Leroy Lewis

Personal information
- Full name: Leroy Delano Sherrier Lewis
- Date of birth: 29 May 1945
- Place of birth: Limón, Costa Rica
- Date of death: 13 September 2021 (aged 76)
- Place of death: Limón, Costa Rica

Senior career*
- Years: Team / Apps / (Gls)
- 1964–1970: Limonense
- 1971–1977: Uruguay de Coronado

Managerial career
- 1980–1982: Limonense
- 1983–1985: Sagrada Familia
- 1986–1987: Municipal Puntarenas
- 1987–1988: Alajuelense
- 1990–1993: Uruguay de Coronado
- 2001: Belize
- 2002–2003: Guanacasteca
- 2012–2013: Belize
- 2014: Belmopan Bandits
- 2014–2015: Belize

= Leroy Lewis (footballer) =

Costa Rican footballer and coach (1945–2021)

Leroy Sherrier Lewis (29 May 1945 – 13 September 2021) was a Costa Rican football player and coach.

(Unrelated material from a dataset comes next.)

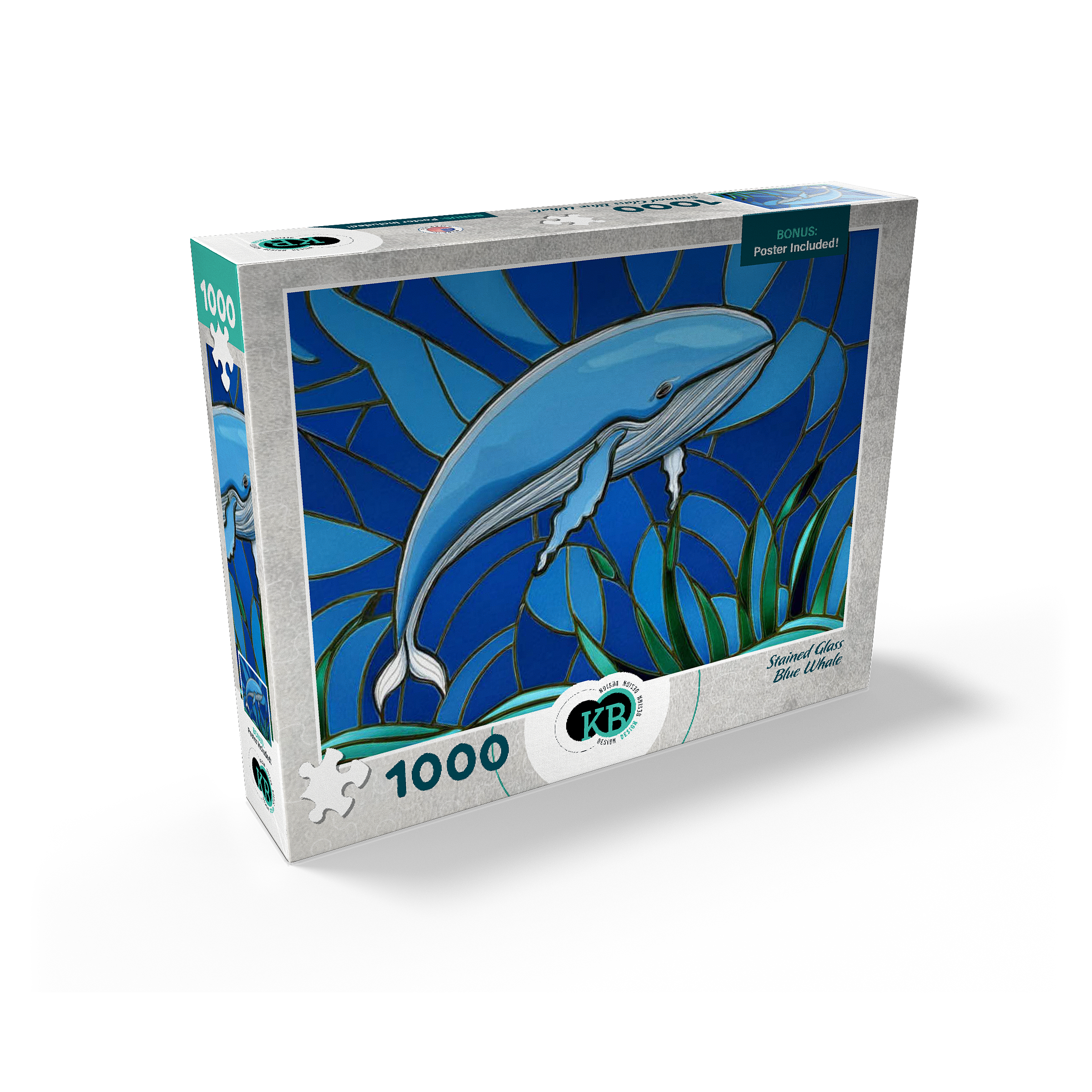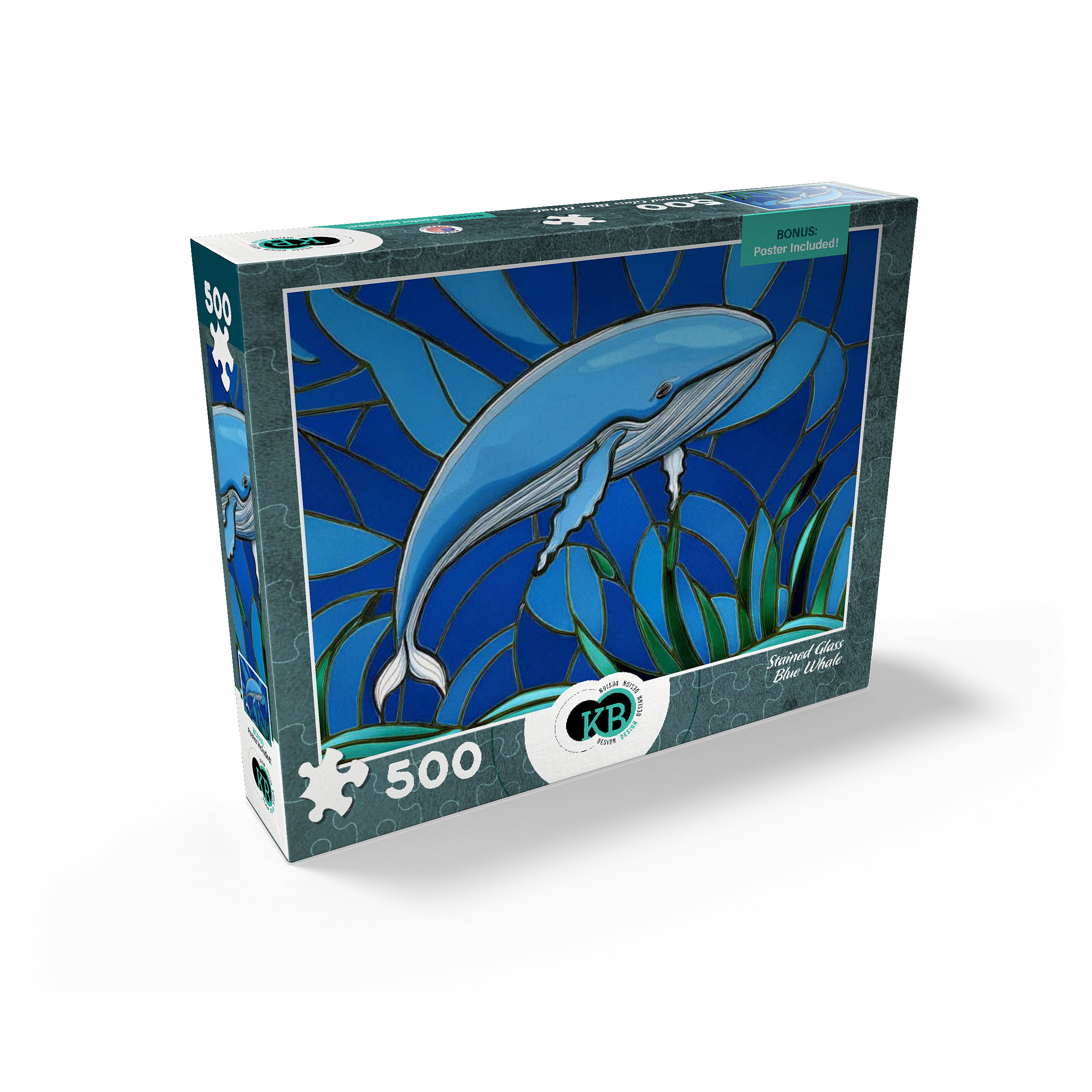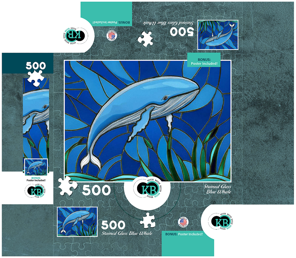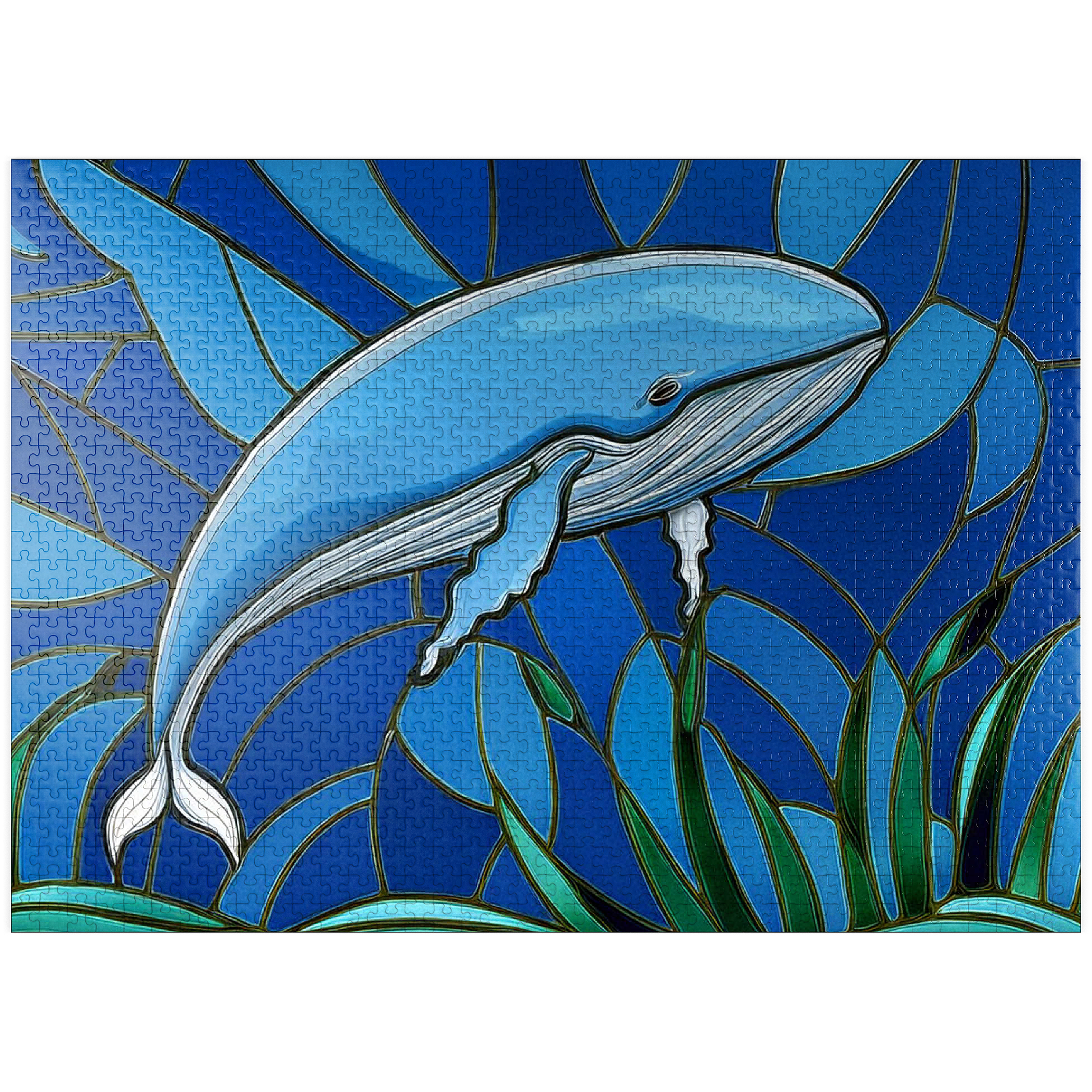 The abstract stained glass collection is a unique way to display some of your favorite subjects in artistic fashion. Designed to mimic the beauty of a stained glass window with bold panels of color-this blue whale is a must-have for any wall. Choose from many other puzzles in this collection and display them all together to bring brilliant hues of abstract color into your home.

In his native country, he led his hometown team Limonense to their best performance in the top flight league, finishing as runners-up. He also found success in Belize, where he led the Belize national team to their best result at the Copa Centroamericana, finishing four at the 2013 edition, thus qualifying to the 2013 CONCACAF Gold Cup, Belize's only participation at such tournament so far.

==Playing career==
As a player, he played in his native Costa Rica with AD Limonese and Uruguay de Coronado.

==Coaching career==
Lewis coached teams in Costa Rica and Belize, winning the national championships in Costa Rica and Belize with Guanacasteca (Segunda División de Costa Rica) and Belmopan Bandits (Belize Premier Football League) respectively. He also coached Belize national team on three occasions.

==Death==
Lewis died on 13 September 2021 at his home after battling with prostate cancer.